When you found me, you left me. You left me, like an unflushed turd, in the bathroom where we first made love – the doorless stall in the back of that rancid little Tiki bar near the interstate. You didn’t call, you didn’t wipe. You just left me there in that bowl, floating around its black and voided nexus, waiting to be sucked into your emotional drain.

“Thanks for the blumpkin.”

Keep your blumpkin, John. Take it with you, rather. Take it as you leave.

Wasn’t that your idea of love anyways, John? Your little cliché about give and take? Sure, I would always give and you would always take. The only thing you could ever give was a shit, and even then, it was only while you were taking it.

You left me like a putative father, unbound and exonerated by the contents of a weighty manila envelope, crying and laughing as you hugged Maury and danced your way off-camera. You left me there in my emotional sick, to be gawked at by an audience of every vindictive man I’ve ever met. You left me for a commercial break.

You left me like a discarded infant, placed with the teary care of an unprepared mother, atop a pile of refuse in a back-alley dumpster crib. Amid the pizza boxes and soiled diapers of children more loved, I am left alone, to eat what I can of the trash before I die of baby-exposure. Perhaps I’ll roll over onto a hepatitic needle, one that will find its way into my heart with the same clinical precision and ease that you once did, and I’ll die a whore’s death thinking about how you left me.

You left me like a conjoined twin. One of those parasitic conjoined twins that has to be removed. One that dies in the womb and never fully develops, like that poor man with an extra face on his cheek or the girl with a doll-sized corpse for a left breast. Though you left surgically, efficiently, and as a matter of medical necessity, I still felt loss when they took you away. You were my disgusting secret, but you were still my secret, something that belonged to me, individual and separate in name but a part of me nonetheless. Hidden under heavy coats and baggy shirts, your twisted face belied humanity, a cruel expression that mocked my own, and served as an implicit reminder of my incontrovertible mortality.

You left me like an infirm elderly parent, loved in theory but not in practice, stored away in a facility staffed by immigrants from war torn countries – desperately tragic places that border on the fictional, and I think Uruguay, wherever that is. You would never see me, you’d just check in, as a half-hearted formality. You’d sit there with me while I pretended to enjoy Bingo. I’d keep my anecdotes light; updates on my reading circle with Dot and Barb, no mention of the others that have died, not because I worry about scaring you, I just don’t want to see any hope in your eyes when I remind you that I won’t be here much longer.
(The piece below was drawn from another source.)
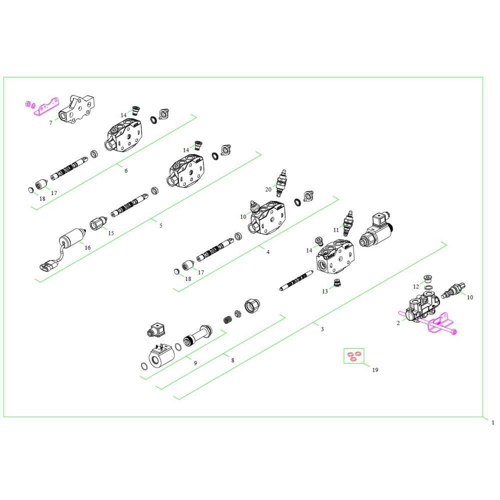 The Control Valve Assembly for the Wacker TH408 Telehandler is crucial for managing hydraulic flow and ensuring precise operation. This assembly includes components such as spools, seals, and springs, which work together to control the movement of the telehandler's arms and attachments. Designed for durability and efficiency, it supports the telehandler's performance in various tasks.

You left me empty, like a bank account, or a text-field, waiting for input, like the password box on your email, which I am now filling in. You left me with emotional imprints, feelings both intangible and palpable, smells and sights, and memories, some of them not even my own, like the name of your first pet and the street you grew up on. You left me a utility bill with the last four digits of your credit card number jotted across the bottom. You left me no choice.

You left me with an afternoon, a bottle of Night Train, and four thousand unread messages. You left me with a yearning, spiteful motivation, and an ability to search through an inbox.

You left me for some bitch named Debra, who has like a lazy eye and what the fuck is up with this woman’s left tit? It looks like it has its own arms. She has square boobs. Are you for real? This is why you left? For some square tit bitch with an old lady name?